La… cosa era muy alta, tanto que su cabeza tocaba el techo. Tenía enormes huesos, los colmillos afilados, como de vampiro, y la piel de color morado, suave como el cristal. Tenía los dedos manchados de sangre. En la espalda tenía dos alas de color negro, y en la espina dorsal tenía protuberancias picudas como si fuera un reptil prehistórico. Tenía una cola terminada en algo como una cabeza de flecha de metal, también manchada de sangre, con la que golpeaba el suelo al agitarla de un lado a otro.

Aquella cosa tenía que ser lo que le había hecho las heridas a su padre.

Al darse cuenta de que seguramente iba a hacerle más daño, sintió un miedo atroz. Se arrastró hacia la ventanilla del coche y golpeó el cristal con un puño.
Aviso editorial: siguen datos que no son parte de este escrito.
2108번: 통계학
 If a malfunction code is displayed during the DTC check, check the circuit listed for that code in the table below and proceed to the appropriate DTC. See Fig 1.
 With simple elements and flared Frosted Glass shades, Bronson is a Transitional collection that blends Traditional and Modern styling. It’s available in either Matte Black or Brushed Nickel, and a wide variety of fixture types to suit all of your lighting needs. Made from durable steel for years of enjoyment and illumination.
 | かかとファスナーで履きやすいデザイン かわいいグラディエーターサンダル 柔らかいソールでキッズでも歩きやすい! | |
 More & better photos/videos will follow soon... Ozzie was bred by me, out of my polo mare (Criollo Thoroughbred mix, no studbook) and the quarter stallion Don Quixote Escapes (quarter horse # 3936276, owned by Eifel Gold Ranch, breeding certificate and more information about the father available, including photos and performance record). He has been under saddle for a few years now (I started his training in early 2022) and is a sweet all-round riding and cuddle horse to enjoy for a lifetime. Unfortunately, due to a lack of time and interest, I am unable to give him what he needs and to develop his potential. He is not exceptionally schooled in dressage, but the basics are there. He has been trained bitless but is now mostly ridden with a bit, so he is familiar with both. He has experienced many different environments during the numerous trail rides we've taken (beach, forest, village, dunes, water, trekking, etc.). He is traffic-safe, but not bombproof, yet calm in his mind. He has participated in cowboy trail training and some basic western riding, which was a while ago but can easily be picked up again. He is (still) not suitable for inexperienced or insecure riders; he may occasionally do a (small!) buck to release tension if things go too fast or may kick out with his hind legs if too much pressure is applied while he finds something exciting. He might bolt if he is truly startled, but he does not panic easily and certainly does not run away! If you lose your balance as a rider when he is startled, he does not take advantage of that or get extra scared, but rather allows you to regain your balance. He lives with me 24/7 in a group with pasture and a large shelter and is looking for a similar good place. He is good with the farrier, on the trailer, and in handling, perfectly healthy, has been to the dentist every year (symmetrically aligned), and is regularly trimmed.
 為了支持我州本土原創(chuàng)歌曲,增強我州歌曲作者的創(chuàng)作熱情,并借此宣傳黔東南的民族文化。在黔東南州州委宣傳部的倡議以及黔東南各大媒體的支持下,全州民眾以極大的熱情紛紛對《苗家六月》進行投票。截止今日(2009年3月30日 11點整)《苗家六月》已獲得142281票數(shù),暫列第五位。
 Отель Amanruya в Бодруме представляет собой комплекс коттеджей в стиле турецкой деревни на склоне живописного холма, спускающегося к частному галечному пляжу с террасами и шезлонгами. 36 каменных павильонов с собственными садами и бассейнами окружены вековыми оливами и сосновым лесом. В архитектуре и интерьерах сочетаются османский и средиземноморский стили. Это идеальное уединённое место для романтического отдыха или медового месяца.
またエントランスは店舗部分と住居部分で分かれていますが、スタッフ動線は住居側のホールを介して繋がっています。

–¡Deja en paz a mis padres!

La bestia la miró con unos ojos de color rojo, como dos rubíes, y le mostró los colmillos con una sonrisa. Después, con un movimiento veloz, le cortó el cuello a su padre con las garras.

En un instante, la carne se rasgó y una lluvia de sangre cayó sobre la ventanilla del coche. Su padre se desplomó, agarrándose la garganta e intentando tomar aire…

Annabelle sollozó con una incredulidad que, rápidamente, se transformó en rabia.

Su madre volvió a gritar, y miró a su alrededor sin saber de dónde había salido aquella amenaza. Tenía la cara manchada de salpicaduras de sangre y se le estaban cayendo las lágrimas.

–No nos hagas daño –tartamudeó–. Por favor…

La criatura sacó una lengua bífida y se relamió, como si estuviera saboreando su miedo.

–Me gusta cómo suplicas, mujer.

–¡Ya basta! –gritó Annabelle. «Tengo que ayudarla, tengo que ayudarla», pensó. Entonces, abrió la puerta del coche y salió, pero se resbaló y cayó en un charco de sangre de su padre. No, no, no. Intentó ponerse en pie–. ¡Tienes que parar!

–¡Corre, Annabelle, corre!

Más carcajadas horrendas y, después, aquellas garras volvieron a golpear y silenciaron a su madre, que se desplomó.

Annabelle dejó de moverse y cayó al suelo nuevamente. Su madre estaba encima de su padre, retorciéndose… y, al final, quedó inmóvil.

–No, no puede ser… No…

–Oh, sí –dijo la criatura, con su voz grave y ronca.

Annabelle percibió un tono de diversión, como si el asesinato de sus padres no fuera más que un juego para la cosa.

Asesinato.

No, no podía aceptar aquella palabra. Sus padres habían sufrido una agresión, pero se recuperarían.

–Viene la policía –dijo–. Márchate. No querrás tener problemas, ¿no?

–Ummm, me encantan los problemas –dijo el monstruo, y se giró completamente hacia ella con una gran sonrisa–. Te lo voy a demostrar.

Entonces, comenzó a cortar los cuerpos de sus padres con las garras. Rasgó la ropa y la piel, aplastó los huesos y desgarró la carne y los tejidos.

Con horror, Annabelle se dio cuenta de que sus padres ya no podrían sobrevivir.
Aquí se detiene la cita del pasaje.